Как только мы поднялись в спальню, я разворошил поленья, и огонь вновь ярко заполыхал в очаге, но что до распаковки, то тут я мало чем мог помочь. Я сидел праздно, подобно человеку, вынужденному глядеть, как хлопочет его слуга. И хотя Глэдис держалась безупречно и улыбка всегда была у нее наготове, я чувствовал, чего ей это стоит.

Мы — а вернее, она — проделывали работу бережно и кропотливо, как будто и вправду собираясь остаться здесь насовсем.

Наконец в комнате воцарился идеальный порядок, сундуки и чемодан стояли пустые, каждая вещь заняла свое место, но Глэдис была все так же напряжена, и гнетущее чувство, похожее на безысходное отчаяние, сжало мне сердце.

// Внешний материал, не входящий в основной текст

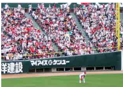
最初の球場広告看板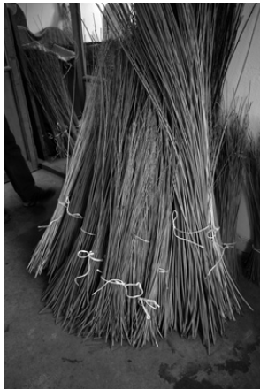
Fonásra előkészített vesszők

Van egy vesszőhasító gépünk. Aztán a műhelyben található egy áztató edény, ami- ben a vesszőt készítjük elő. Egy kényelmes szék, mellette a szerszám tároló és a fonó- pad, ami egyik irányban döntött azért, hogy ne vízszintesen legyen a mester előtt a kosár, hanem ferdén, hogy jól rálásson az egész fonásra.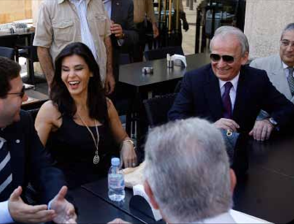
تأجلت الجلسة التشريعية فاجتمع نواب المعارضة في المطعم (مروان طحطح)

منذ تأليف الحكومة الجديدة كثر الحديث عن ورشة عمل حكومي وبرلماني، وعن التنسيق بين السلطتين التنفيذية والتشريعية. التنسيق حصل فعلاً أمس، بطريقة لم تخطر على بال أحد، فطارت جلستا مجلسي الوزراء والنواب بقرار واحد. والمعارضة كانت حاضرة لتطالب بإسقاط الحكومة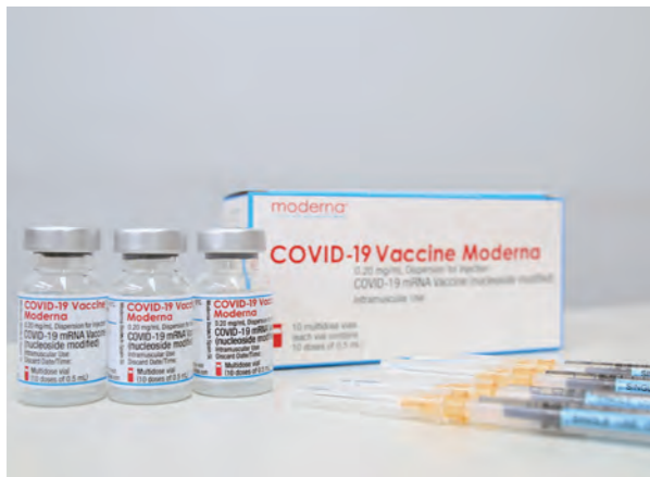
ワクチン接種は自分を守るだけでなく、周りの人を守ることもつながります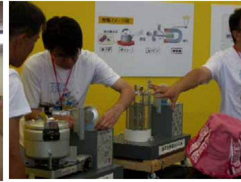
ジュニアサイエンスアカデミー

当社では、地域の皆さまからいただいた様々なご意見を今後の発電所の運営に活かし、信頼される発電所を目指して取り組んでまいります。引き続き当社に対するご意見・ご要望をお聞かせくださいますようお願いいたします。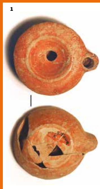
1. Lampe à huile gallo-romaine en terre cuite, fouilles archéologiques rue du Four, 1981 © Musée d'histoire et d'archéologie de Vannes.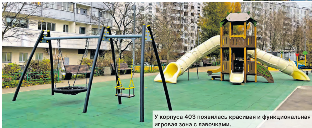
У корпуса 403 появилась красивая и функциональная игровая зона с лавочками.

Вокруг водоема возведен новый деревянный настил со скамейками и урнами. Обустроена зона тихого отдыха с дорожками и спусками.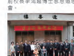
96.10.26 逢喜樓落成並舉行揭牌儀式。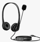
Cuffie stereo USB HP G2 428H5AA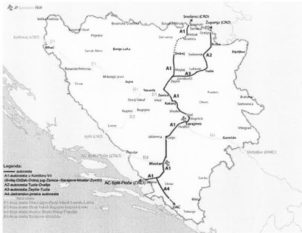
Slika 1. Pregled trase Koridora Vc i brzih cesta u Federaciji BiH

Dio Koridora Vc koji prolazi kroz Federaciju BiH iznosi 273 km. Pored ovoga planirana je i izgradnja autoputa Žepče – Tuzla – Brčko – Orašje, te nekoliko brzih cesta kao osnov za povezivanje Federacije BiH u regionalne i dalje međunarodne saobraćajne tokove savremenim cestama: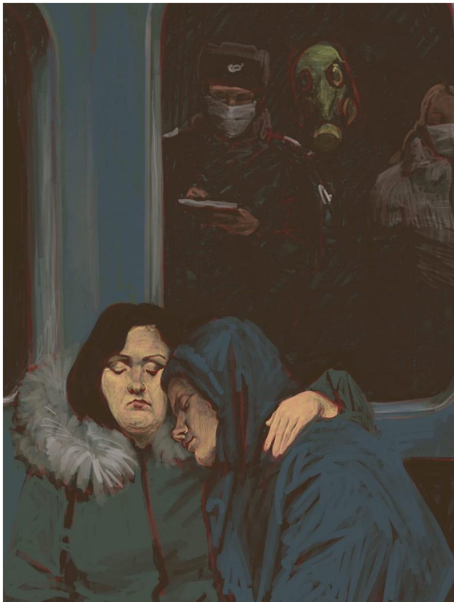
Иллюстрация: NURKA, «Chuma2020»

В понимании этого субъекта психоанализ движется от комплексных структур к элементарным, антропология — в обратном порядке.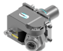
Schwenkkopf (8 043 ...)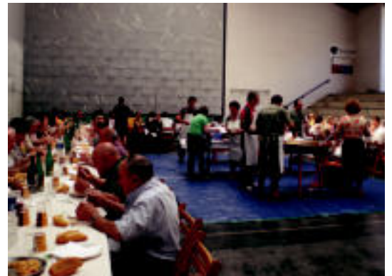
Paella jana egin zuten 110 lagunek Albizturren.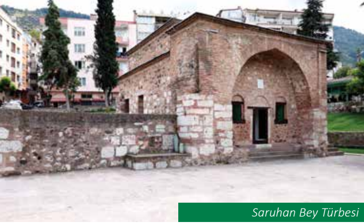
Saruhan Bey Türbesi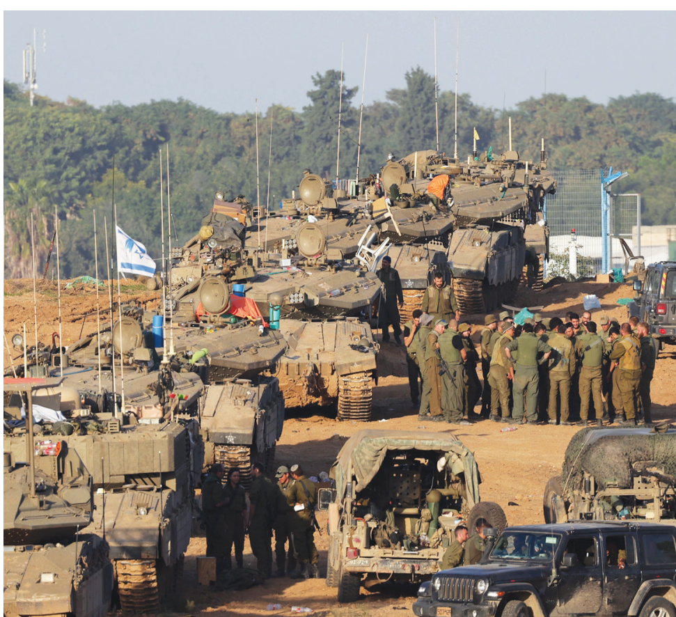
جنود إسرائيليون يتجمعون قرب دباباتهم في موقع مُعدّ للحدود مع قطاع غزة جنوباً يوم السبت

وحتى في صحيفة اليمين الإسرائيلي، المناصرة لرئيس الوزراء، بنيامين نتانياهو، دعوة للحذر من السقف العالي للأهداف. ويكتب البروفيسور أبال زيسر أنه «من الأفضل أن نقول القيادة للجمهور الحقيقية، ما هو الممكن وما هو غير الممكن أن تحققه في عملية عسكرية، نظراً للظروف الدولية والأضرار الاقتصادية والأمنية».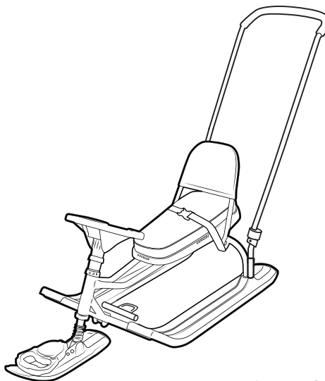
рис. 1 TWINY2+ (арт. TW2+)

ООО «Ника» 426052, Россия, Удмуртская Республика, г. Ижевск, ул. Лесозаводская, д. 23. тел.: (3412) 55-00-00, e-mail: info@nikaltd.ru www.nika-foryou.ru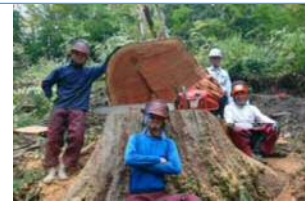
大ケヤキ伐倒後の記念撮影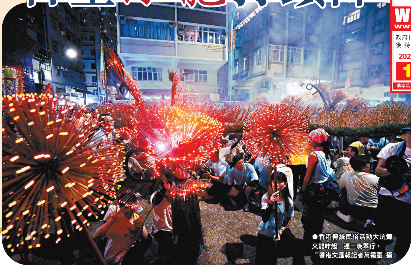
●香港傳統民俗活動大坑舞火龍昨起一連三晚舉行。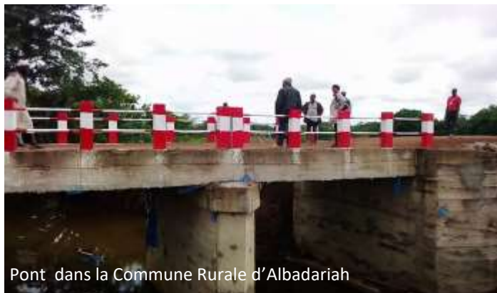
Pont dans la Commune Rurale d'Albadariah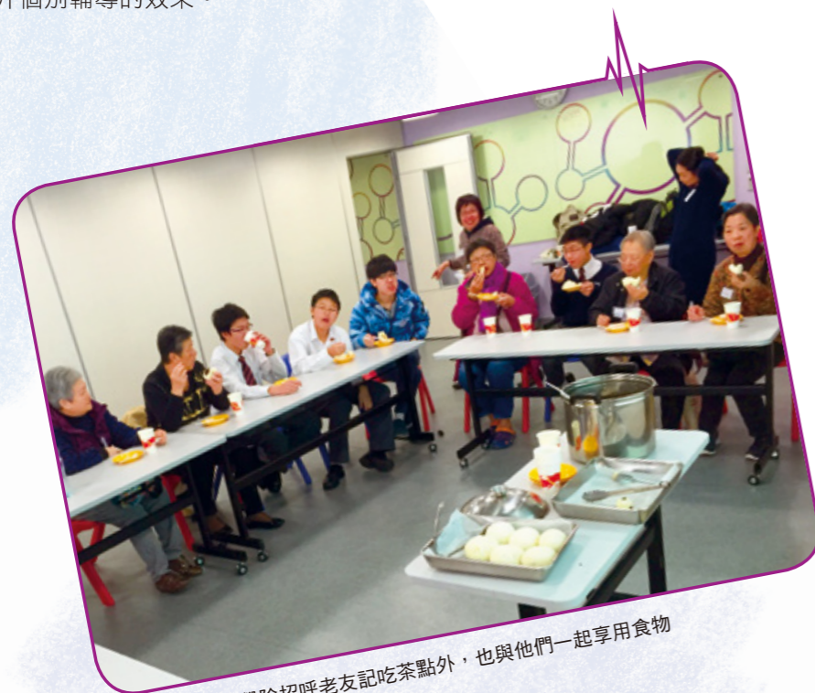
同學除招呼老友記吃茶點外，也與他們一起享用食物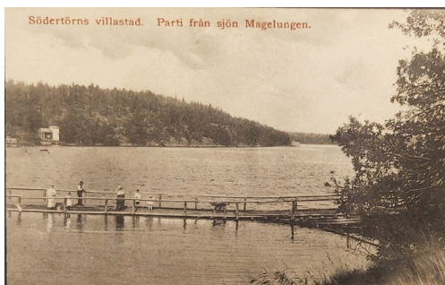
Flottbron, 1820 till 1923.

Överfarten med färja ansågs inte tillräcklig utan man behövde förbättra möjligheterna att ta sig över sjön. Carl Mörner, ägaren till Ågesta, hade förbundit sig att svara för kommunikationen över Magelungen, antingen med en bro eller med en färja. 1820 lät han bygga en flottbro. Inkomsten för färjtransporten uteblev i och med brobygget men ersattes av en broavgift. Färjkarlen fick troligen därmed en ny arbetsuppgift att se till att broavgiften betalades vid passage. I samband med att bron var klar byttes namnet på torpet till Brostugan.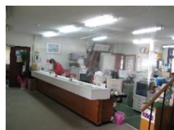
受付に飛沫感染防止カーテン

当校として、できる限りの感染防止策を行って参りますので、ご理解とご協力のほど何卒宜しくお願い致します。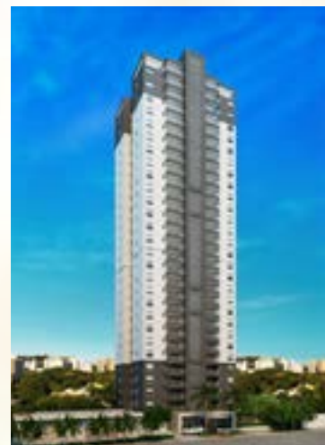
Soberano - Osasco/SP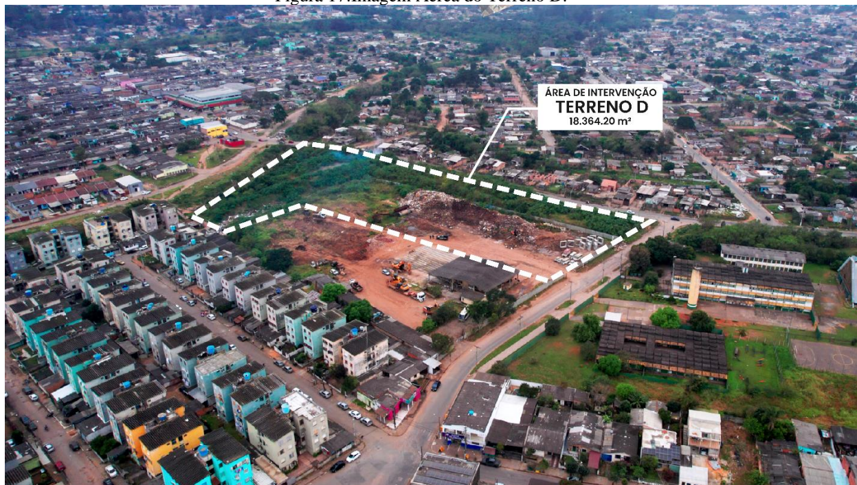
Figura 17: Imagem Aérea do Terreno D.

Fonte: elaborado por Francieli F. Schallenberger. Foto: REN Studios.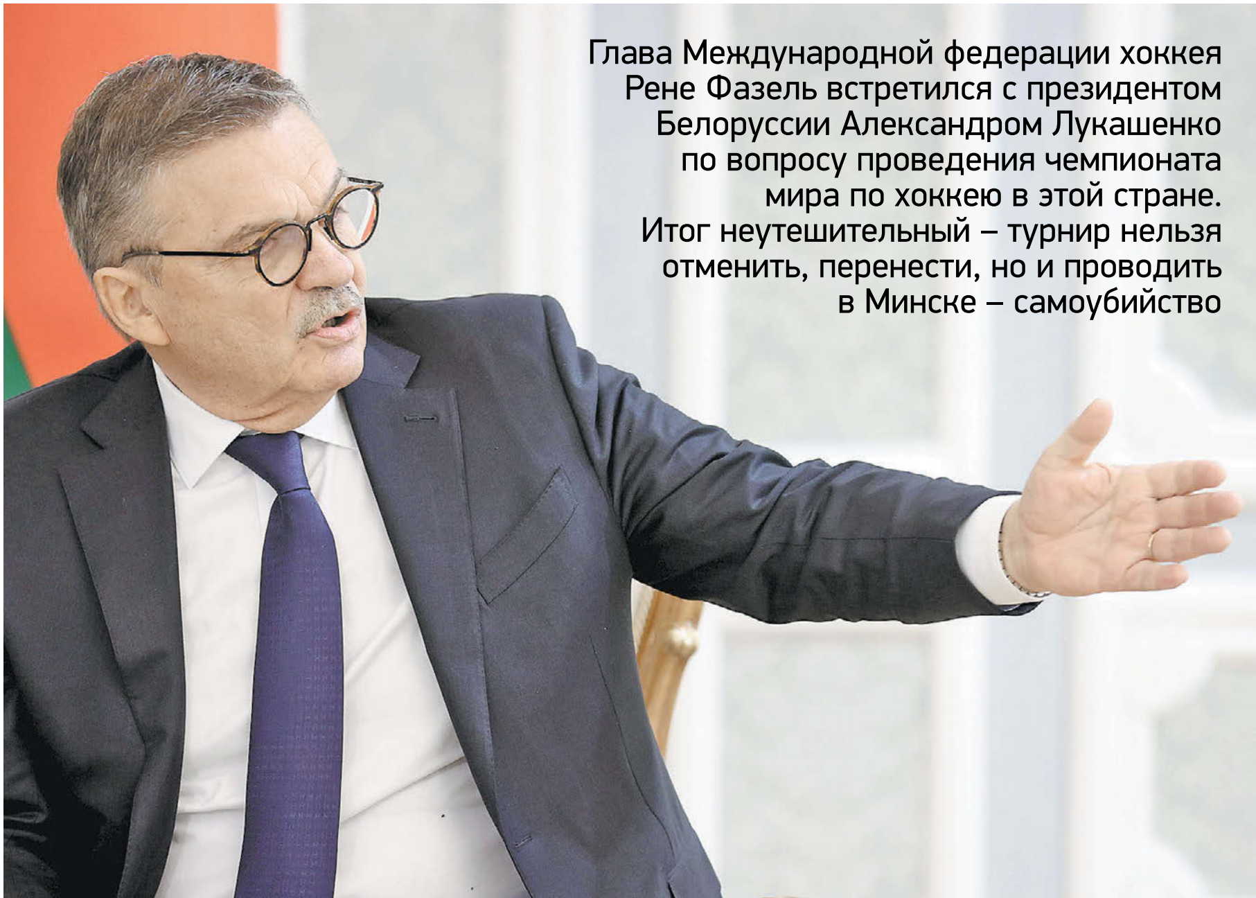
11 января. Минск. Глава Международной федерации хоккея Рене Фазель

Глава Международной федерации хоккея Рене Фазель встретился с президентом Белоруссии Александром Лукашенко по вопросу проведения чемпионата мира по хоккею в этой стране. Итог неутешительный – турнир нельзя отменить, перенести, но и проводить в Минске – самоубийство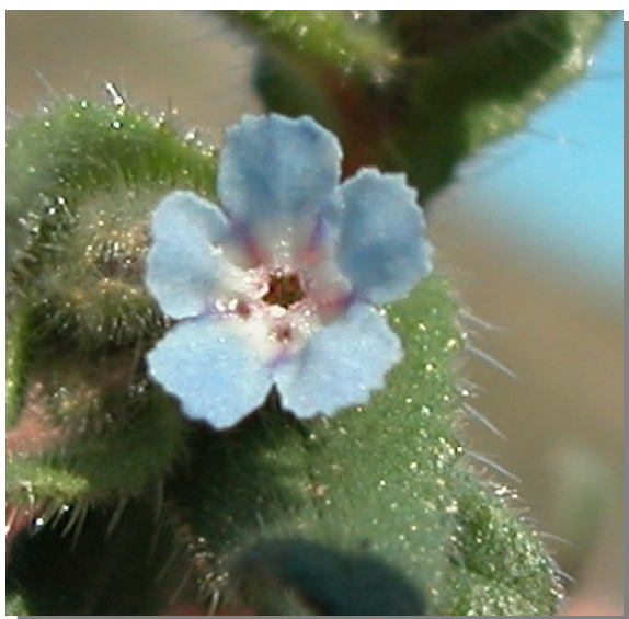
N. micrantha . Detalle de la corola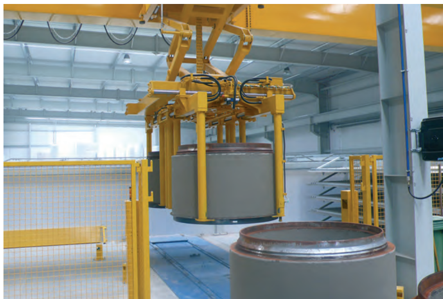
Эффективный и надежный хандлинг продуктов с помощью крана-робота Transexact

построенных колодцев. Используя новые, современные продукты, мы в будущем исключаем колоссальные затраты на доделку или последующую замену шахты.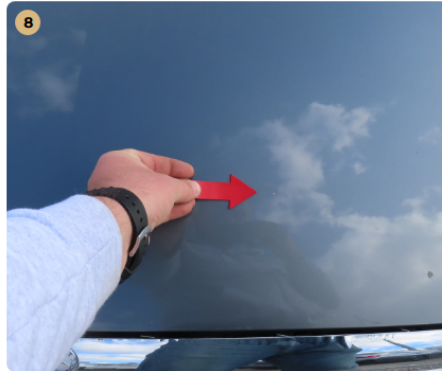
8 motorháztető kavics sérült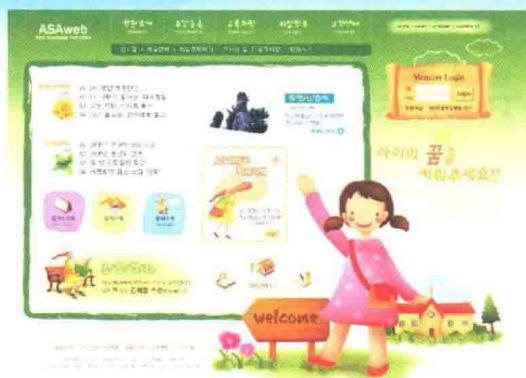
图 1-2-1 儿童娱乐天地 .tif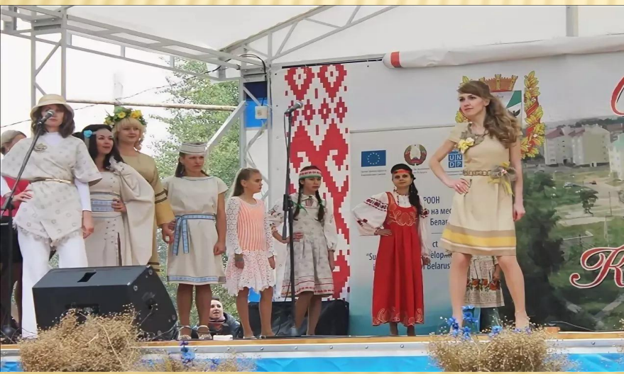
3. «Льняное дефиле» - демонстрация моделей с использованием льна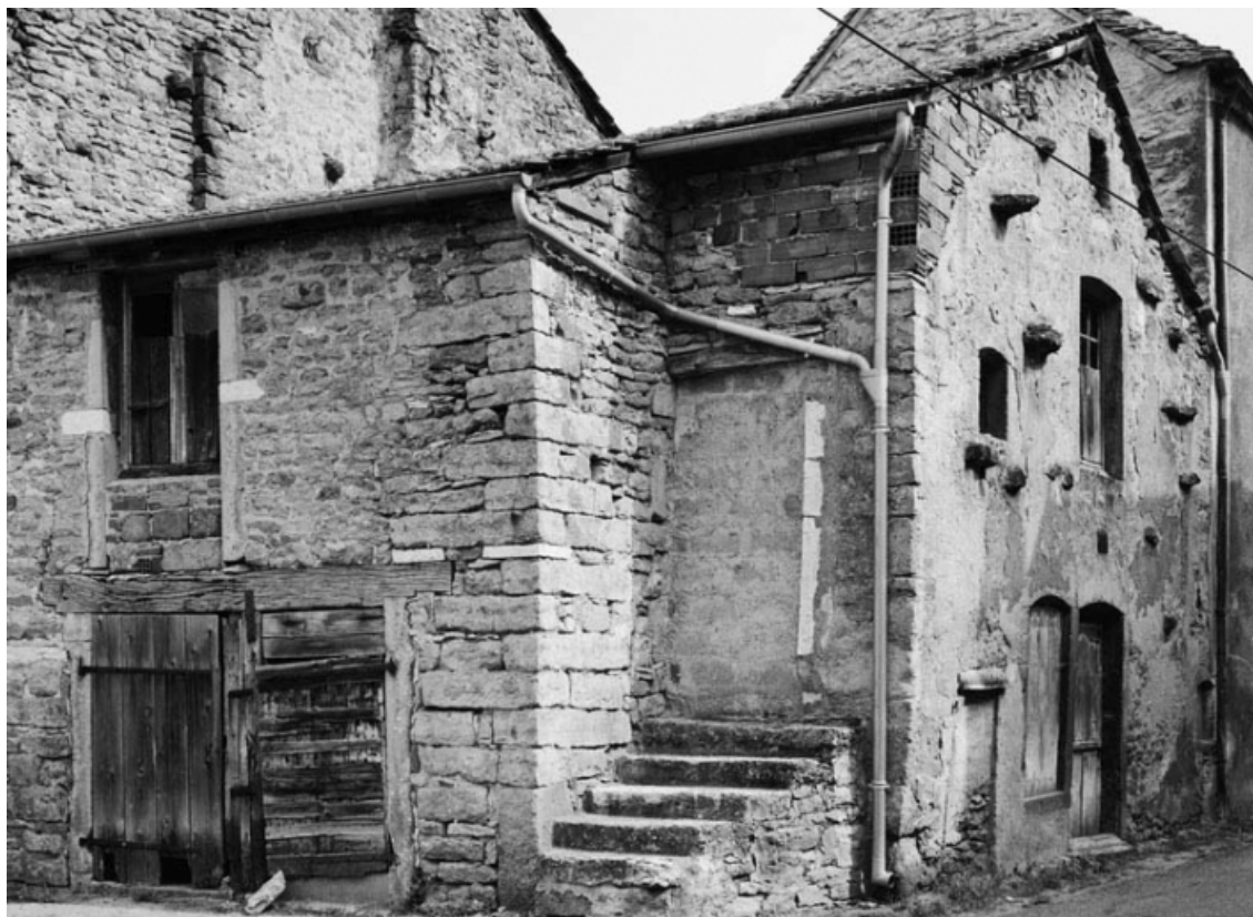
Vue de la maison sise parcelle 81, section AC sur le cadastre de 1965. 21, Nolay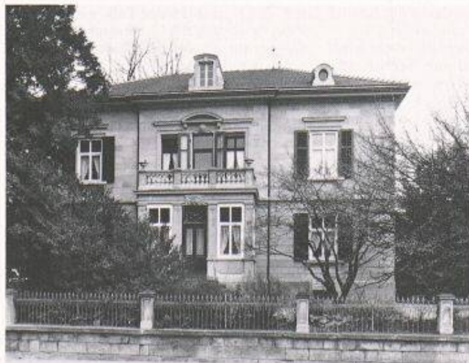
Die vornehme, spätklassizistische Villa Ganz in Embrach (zum Ensemble gehören noch Ökonomiegebäude und Waschküchen) wurde sehr sorgfältig und sanft renoviert

schen Zielsetzung – die möglichst unverfälschte Erhaltung des historischen Dokumentes –, auch die Fülle der neuen Bauvorschriften (Feuerpolizei, Wärmedämmung, Schallschutz usw.) erschwe-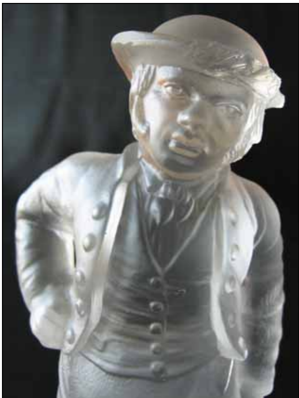
Abb. 2006-4/068 Figur als Bauer farbloses Pressglas, mattiert, H 19,5 cm, D xxx cm St. Louis 1872 s. MB Saint Louis, um 1872, 1 re Partie, Planché ohne Nummer [Nr. 3], Moulure, No. 1, statuette dépolie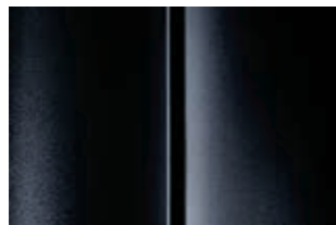
Черный (Noir Perla Nera)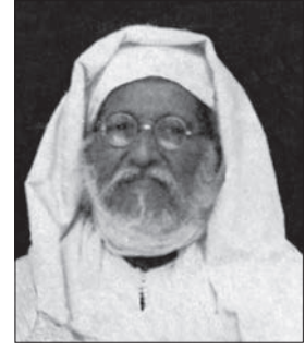
Ebû Abdullah ed-Dükkâlî

Существовал единственный способ вернуть Глэдис, сломить ее сопротивление. Подойдя, я обнял ее. Она безвольно подчинилась. Я поцеловал ее, чтобы хоть как-то оживить, согреть. Она боялась, что ее шелковое платье помнется, и я помог снять его. Покорность ее бередила во мне желание, и Глэдис не осталась безразличной к моим ласкам, и все же она была лишь наполовину рядом. Губами, взглядом, осторожными прикосновениями я впивал божественную красоту ее обнаженного тела. Хмелея от наслаждения, которое мне хотелось продлить, я почти не думал о Глэдис, занятый лишь собственными эмоциями. Перед моим умственным взором то мелькали картины поместья, яркого, живого, самостоятельного, но целиком подвластного мне, готового удовлетворить все разнообразие моих желаний своей красотой и возможностью работы; то — вновь — я видел перед собой Глэдис, тоже мою, мне принадлежащую женщину, услаждавшую мои чувства и дарившую покой моему телу.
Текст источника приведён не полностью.